» Problem: Take the lines of the data below from the very first through the line containing "Stylo bille à" and output them exactly, pictures excluded.

Dataset entries:
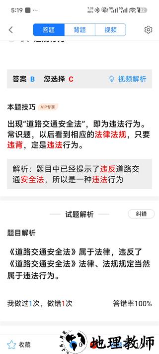 3、练习模式:答题答错时,平台会提供题目解析、视频解析助理解,可将错题加入收藏夹,实时查看答题正确率与进步情况。
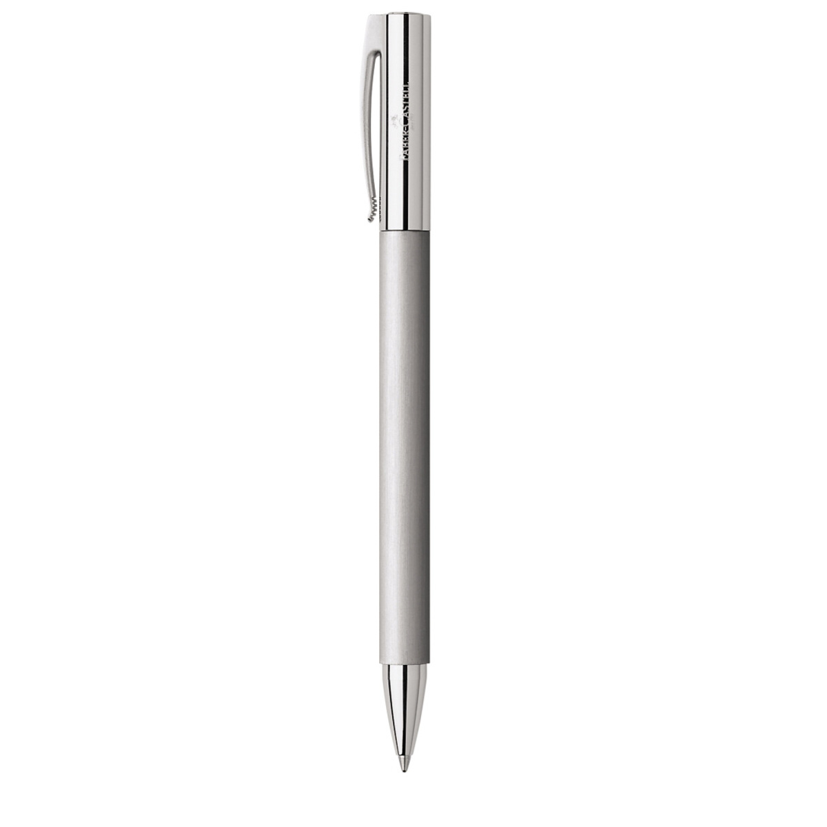 Stylo bille à mécanisme à rotation. Corps en métal brossé. Attributs chromés. Clip à ressort. Livré dans son écrin luxe et avec la garantie Faber-Castell.
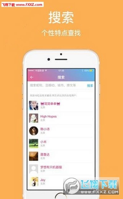 2、用户可以使用首页随机发现和搜索特定关键词。自动记录浏览过的对象,对感兴趣的对象可以暂时收藏,合适的时间再发豆邮联系。
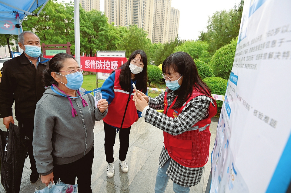 5月12日,太原市和平公園核酸檢測點(diǎn),老年居民體驗(yàn)“反向掃碼”帶來的便捷。據(jù)了解,常態(tài)化疫情防控下,為保障老年人和未成年人便捷出入公共場所,萬柏林區(qū)為60歲以上老年人及未成年人免費(fèi)發(fā)放集健康碼、行程卡、核酸檢測報(bào)告等信息于一體的愛心碼出行卡,用“反向掃碼”新舉措解決特殊群體“亮碼”難題。(記者阮洋攝)
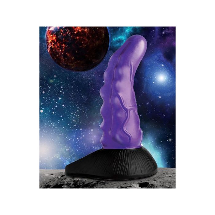 Deze Space Invader is een unieke dildo die speciaal is ontworpen om aan al je fantasieën te voldoen. Met zijn metallic paarse schacht, die lang en breed is, zal deze dildo je zeker laten genieten. De geribbelde en geaderde schacht eindigt in een gebogen punt, perfect voor het stimuleren van de G-spot.
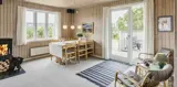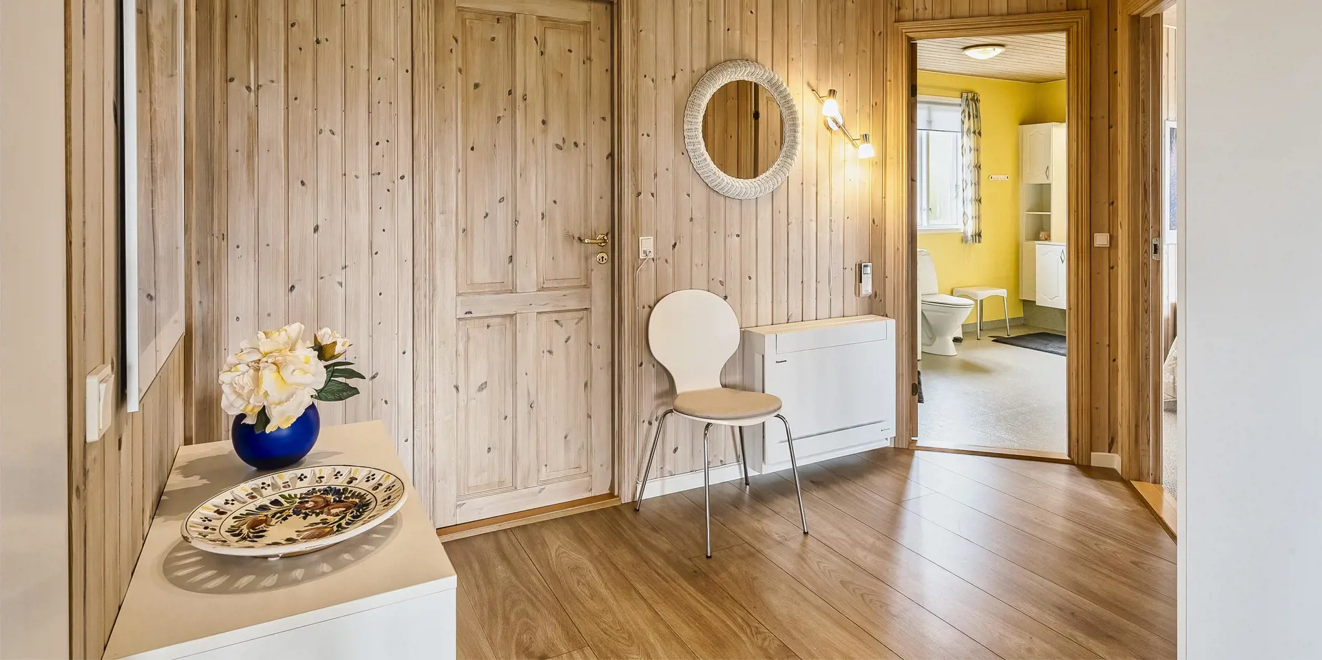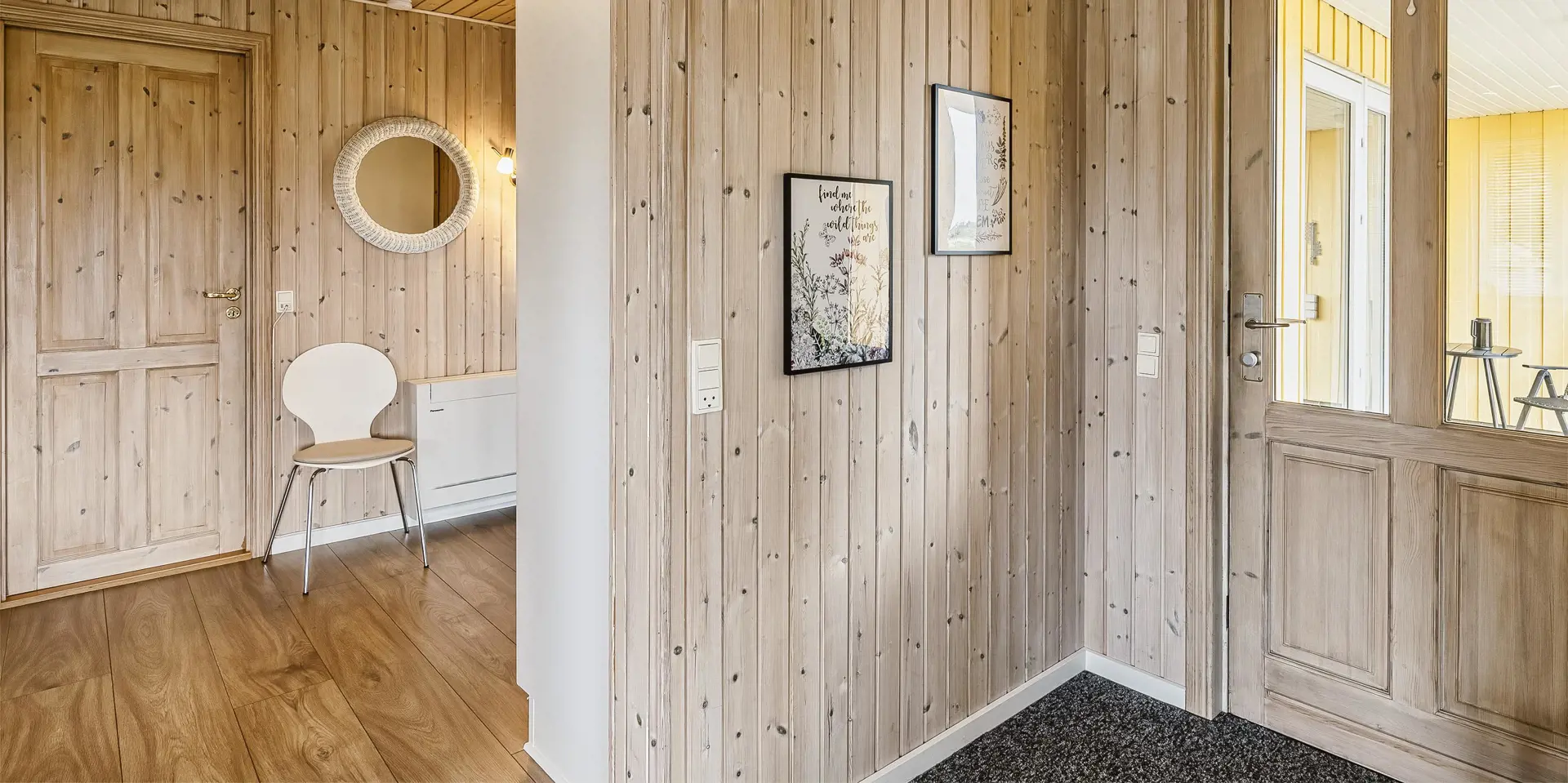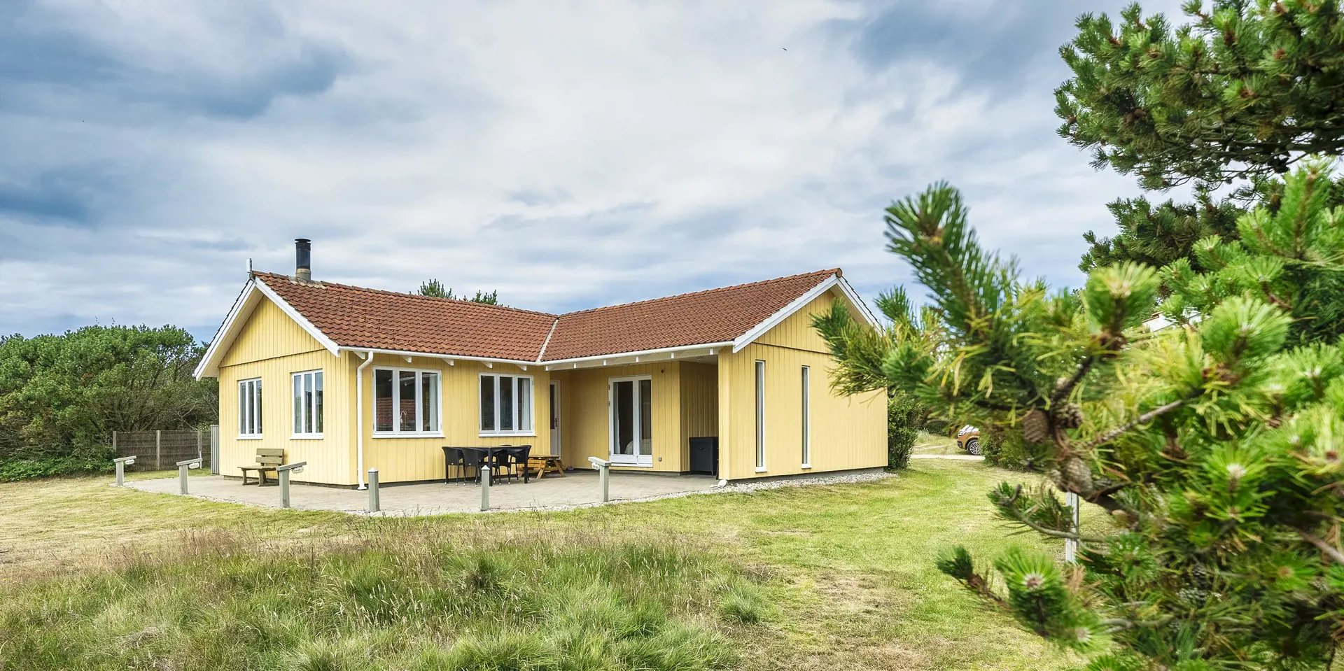 Schönes und gemütliches Ferienhaus auf einem natürlichem Rasengrundstück gelegen. Das Ferienhaus ist für 4 Personen ausgestattet und der Strand ist ca. 500 Meter vom Ferienhaus entfernt. Das Wohnzimmer ist mit einer gemütlichen hellen Sitzgarnitur ausgestattet und verfügt über einen Kamin. Der Speiseplatz ist auch hier im Wohnberich aufgestellt. Das deutsche Fernsehprogramm empfangen Sie über eine Parabolantenne. Ein DVD-Abspielgerät steht den Gästen auch zur Verfügung. Der Küchenbereich ist mit einem Herd mit Kochplatten, einem Backofen, einer Geschirrspülmaschine, einer Mikrowelle und einer Kühl- und Gefrierkombination ausgestattet. Das große Badezimmer verfügt über ein WC, ein Handwaschbecken und eine Dusche. Eine Waschmaschine ist hier im Badezimmer untergebracht. Den Gästen stehen zwei Schlafzimmer zur Verfügung: DB + 2B. Beide Schlafzimmer sind mit je einem Doppelbett ausgestattet. Das Ferienhaus verfügt über einen Internetanschluss (W-Lan, 30/30). Wärmepumpe. Es stehen Ihnen zwei Terrassenbereiche zur Verfügung. Deweiteren befindet sich eine Sandkiste und ein Schaukelstativ für die kleinen Gäste auf dem Grundstück bereit. Ihr Fahrzeug findet in dem Carport seinen Platz. Es sind keine Haustiere erlaubt. Das Rauchen ist nicht gestattet. Das Ferienhaus ist 1992 erbaut worden und in 1999 renoviert.

» Result for this task:
 3、练习模式:答题答错时,平台会提供题目解析、视频解析助理解,可将错题加入收藏夹,实时查看答题正确率与进步情况。
 Stylo bille à mécanisme à rotation. Corps en métal brossé. Attributs chromés. Clip à ressort. Livré dans son écrin luxe et avec la garantie Faber-Castell.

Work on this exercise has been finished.